Грех жаловаться
Шрифт:
– А происходящее с церковью тебе как? Все это наращивание мускулов…
– Трудно себе представить Спасителя в образе культуриста, правда. Как такие люди читают Евангелие? Там все против них, против формализма. Или они не читают?
– Ладно, «они носят бороду, вот и всё».
– Кстати, Пушкин умудрился написать обо всех мировых религиях.
– Это, конечно, уже не про служение, а про его чувство стиля…
– Смотри, православие: «Отцы-пустынники и жены непорочны…»
– Тут все-таки ирония. «Области заочны», «Змеи сокрытой сей».
– Я не чувствую.
– Так, а католицизм?
– «Верен
– Как чувственно! Протестантизм?
– Пожалуйста. «Странник»: «Дабы скорей узреть – оставя те места, / Спасенья верный путь и тесные врата». Почитай.
– С исламом все ясно: «И мой Коран / Дрожащей твари проповедуй».
– Я бы на месте арабов русский выучил только за «Постимся мы: струею трезвой / Одни фонтаны нас поят; / Толпой неистовой и резвой / Джигиты наши в бой летят…»
– О, да. Иудаизм? «Пророк»? Зато про буддизм, кажется, ничего.
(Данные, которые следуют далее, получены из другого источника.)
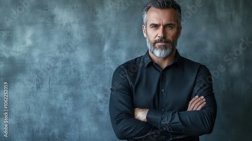 man, portrait, serious, beard, business, adult, stylish, grey, confident, expression, lifestyle, casual attire, modern, photo, assertive, male, photogenic, background, elegant, attitude, emotion, posing, looking, shirt, mature, realistic, studio, model, character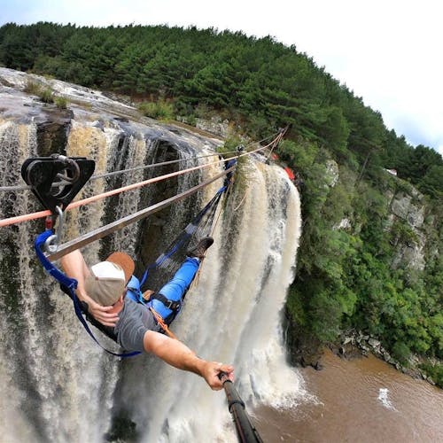 Rede Suspensa, uma experiência inédita que acontece no Cachoeirão do Rio Cerquinha, em Bom Jesus, município do Rio Grande do Sul. A cachoeira paradisíaca tem mais de 50 metros de altura e 90 metros de extensão. A experiência também pode acontecer em outros locais sob consulta prévia.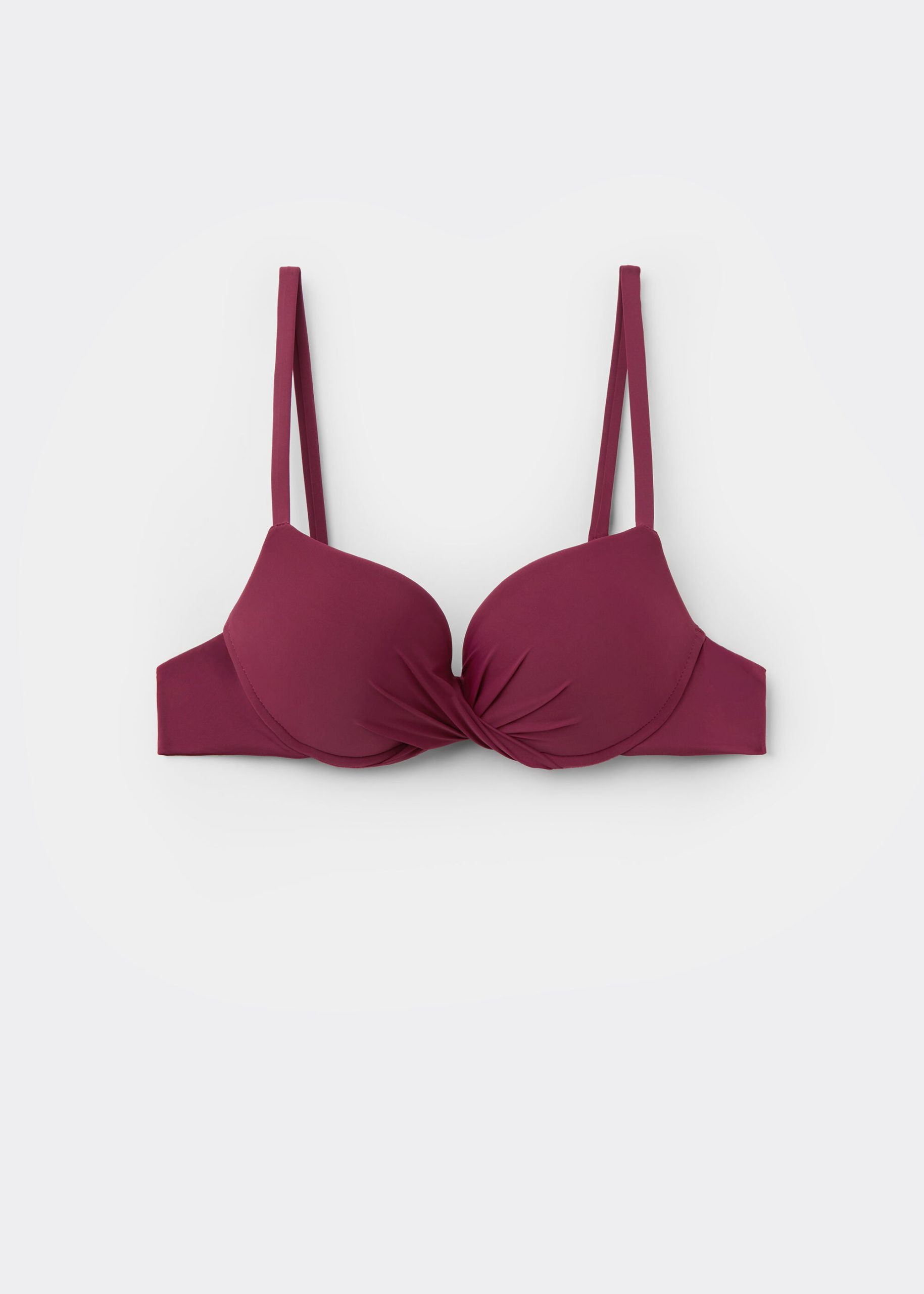Achieve a stunning silhouette with our lifting bikini top, designed for ultimate enhancement and support. This ultra push bikini top features subtle, graduated padding and underwire to create a flattering one-size-larger effect that beautifully shapes and defines the bust. The crisscross detail accentuates the low neckline and perfectly highlights your collarbones, adding a touch of elegance to the design. Made from incredibly soft fabric, this top offers a lightweight, comfortable feel for all-day wear. For a customized fit, the adjustable push-up bikini includes removable straps that can be crossed at the back or tied behind the neck to suit your preference. The hook-and-eye back closure with an adjustable band ensures a secure and tailored fit, that is comfortable to wear and easy to put on. Whether lounging poolside or enjoying a seaside getaway, this ultra lifting bikini top blends functionality with style, making it a must-have for women seeking both comfort and a sculpted look.

– Что-то у него было с калмычкой, но, пожалуй, это не про буддизм.
Справедливость
– Справедливость – самая спорная ценность, самый трудный вид служения. Я отношу сюда и работу в детских домах и домах престарелых – попытка компенсировать детям родителей, а старикам – заботливых детей, – и выработку новых, более справедливых законов, и, ты меня не поддержишь, революционную деятельность. Да, да.
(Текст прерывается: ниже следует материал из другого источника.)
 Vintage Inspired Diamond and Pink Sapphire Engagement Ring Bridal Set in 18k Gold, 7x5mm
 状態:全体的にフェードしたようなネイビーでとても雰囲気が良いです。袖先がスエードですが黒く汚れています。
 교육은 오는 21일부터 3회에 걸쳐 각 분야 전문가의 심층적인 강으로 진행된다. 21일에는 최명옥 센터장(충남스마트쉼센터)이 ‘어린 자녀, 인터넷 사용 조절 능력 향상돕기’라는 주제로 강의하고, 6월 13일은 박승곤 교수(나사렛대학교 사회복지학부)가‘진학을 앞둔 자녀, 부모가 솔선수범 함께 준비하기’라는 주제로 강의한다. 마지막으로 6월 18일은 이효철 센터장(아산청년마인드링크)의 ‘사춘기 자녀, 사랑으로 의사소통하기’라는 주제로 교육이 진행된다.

– Бомбометание – какое же это служение справедливости?
– И бомбометание, и стрельба в генерал-губернаторов, и хождение в народ, и артели из обратившихся проституток – явления одного порядка, они питаются одной эмоцией.
– А нынешний терроризм? Он тоже стоит на страже высших ценностей? Люди взрывают себя ради справедливости?
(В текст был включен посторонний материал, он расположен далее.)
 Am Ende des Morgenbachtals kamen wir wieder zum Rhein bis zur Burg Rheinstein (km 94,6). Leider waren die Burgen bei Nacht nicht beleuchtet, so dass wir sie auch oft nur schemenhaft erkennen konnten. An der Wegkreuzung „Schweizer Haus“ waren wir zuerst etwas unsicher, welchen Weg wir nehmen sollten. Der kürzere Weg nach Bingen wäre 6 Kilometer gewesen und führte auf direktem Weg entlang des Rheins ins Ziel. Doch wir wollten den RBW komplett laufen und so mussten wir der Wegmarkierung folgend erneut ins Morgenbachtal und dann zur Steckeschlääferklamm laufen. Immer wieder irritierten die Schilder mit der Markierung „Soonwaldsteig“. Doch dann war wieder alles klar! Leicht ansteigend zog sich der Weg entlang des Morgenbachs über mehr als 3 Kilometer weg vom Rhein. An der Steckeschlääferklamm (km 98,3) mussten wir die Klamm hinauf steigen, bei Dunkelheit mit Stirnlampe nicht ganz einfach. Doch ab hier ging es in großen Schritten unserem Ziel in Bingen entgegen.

– Нет, тут совсем другое. Терроризм – это прежде всего против своих, для утверждения власти. Тех же, кто себя взрывает, иначе ждет гораздо худшее. Похожим образом – и вполне героически, с громкими криками бросаясь на охрану, – погибали зэки, которые проиграли в карты жизнь. Если они этого не делали, их заставляли, например, съесть собственную ногу. Справедливость тут ни при чем. Среди народовольцев тоже, понятное дело, были разные персонажи, тот же Нечаев.
– Странный разговор. Давай лучше про помощь обездоленным, про добрые дела. Почему бы не назвать эту ценность милосердием?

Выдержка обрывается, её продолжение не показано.